States that have a budget surplus, in some cases in the billions of dollars, say they are likely to move ahead with repairing bridges and roads even without federal action.
 
“We’re going to have hundreds of millions of dollars to spend on roads, bridges, dams and other public service projects,” said Brian Egolf (D), the Speaker of the New Mexico state House. “We can pay with a checkbook and not just a credit card.”
 
But legislators in both red and blue states are keeping a watchful eye on the national economy, as some fear a looming recession. The prospect of an economic downturn has tempered some impulses to spend on new programs in favor of more cautious savings plans.
 
“All you’ve got to do is read the newspapers and see the number of stories about how long it’s been since we’ve seen a recession,” Berger said. “The predictions are such that everybody can predict that we’re going to have a recession, but nobody’s very good at predicting when we’ll have a recession.”
 
Most state budgets are in the black, and states have set aside more than $54 billion in rainy day funds, according to data from the Pew Charitable Trusts.
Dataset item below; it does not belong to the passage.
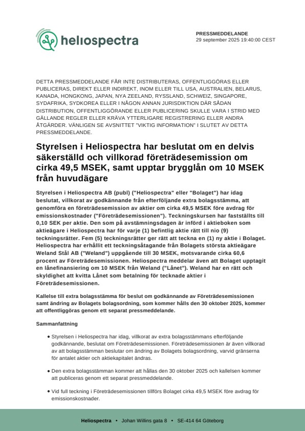 Styrelsen i Heliospectra AB (publ) (“Heliospectra” eller “Bolaget”) har idag beslutat, villkorat av godkännande från efterföljande extra bolagsstämma, att genomföra en företrädesemission av aktier om cirka 49,5 MSEK före avdrag för emissionskostnader (“Företrädesemissionen”). Teckningskursen har fastställts till 0,10 SEK per aktie. Den som på avstämningsdagen är införd i aktieboken som aktieägare i Heliospectra har för varje (1) befintlig aktie rätt till nio (9) teckningsrätter. Fem (5) teckningsrätter ger rätt att teckna en (1) ny aktie i Bolaget. Heliospectra har erhållit ett teckningsåtagande från Bolagets största aktieägare Weland Stål AB (”Weland”) uppgående till 30 MSEK, motsvarande cirka 60,6 procent av Företrädesemissionen. Heliospectra meddelar även att Bolaget upptagit en lånefinansiering om 10 MSEK från Weland (”Lånet”). Weland har en rätt och skyldighet att kvitta Lånet som betalning för tecknade aktier i Företrädesemissionen.

But spending — especially on health care and education — is still rising faster than revenues, according to the National Association of State Budget Officers.
 
“The No. 1 issue is always taxes, revenues and expenditures. The one thing every legislature has to do every year is pass a budget,” said Bill Pound, the executive director of the National Conference of State Legislatures. “Expenditures are up about 2.9 percent, and revenues are up about 2.6. Coming out of the recession, that has been a general pattern that revenue has lagged expenditure.”
 
States are much more susceptible to the risk of an economic downturn than the federal government because all but one — Vermont — have balanced budget requirements, prohibiting the kind of deficit spending Washington can turn to in tough economic times.
 
“In Utah, we have unprecedented surpluses right now,” said Curt Bramble, a Republican state senator in Utah. “We’re not looking at increasing a lot of ongoing spending. We’re looking at squirreling it away in a lot of rainy day funds. We’ll pay cash for buildings, cash for whatever, because we’re looking at when the next downturn occurs.”
 
Most state budgets are largely taken up by spending on health care, education and corrections. For years, health-care spending has risen the fastest of those three. But after steep cuts to education budgets in the wake of the recession, and after loud protests by teachers in states like Arizona, Kentucky, West Virginia and Oklahoma last year, education spending is starting to rise faster than health-care spending.
 
Pound said he expects more pressure on legislators to hike teacher pay in the new year.
 
“We’ll see the red shirts, which was a symbol in several states, at the state capitol on this issue,” he said.
 
Louisiana Gov. John Bel Edwards (D) said his top priority this year is raising teacher pay. Virginia Gov. Ralph Northam (D) has proposed hiking salaries, and legislators in states like Mississippi and Indiana are considering their own hikes. Oklahoma teachers have asked legislators to give them another raise after state officials projected a $612 million surplus in the next fiscal year.
 
States are taking new steps to close the gap between rising expenses and lagging revenues. After the Supreme Court ruled in favor of a South Dakota law that will require online retailers to collect sales taxes, 18 other states passed similar requirements, and most of those that have not are likely to address the issue in upcoming legislative sessions.
 
Democratic-led states like Illinois, New York and New Jersey are likely to pursue legalizing marijuana for recreational purposes, a reflection of both the dramatically changing political calculus of legal pot and the hundreds of millions in revenue recreational use has brought in for states like Colorado, Washington and Nevada.
 
And states are increasingly exploring legalized sports betting, after another Supreme Court ruling in favor of a New Jersey law to open bookmaking. Sports betting is legal in eight states, and legislation has been introduced in at least another 17 states.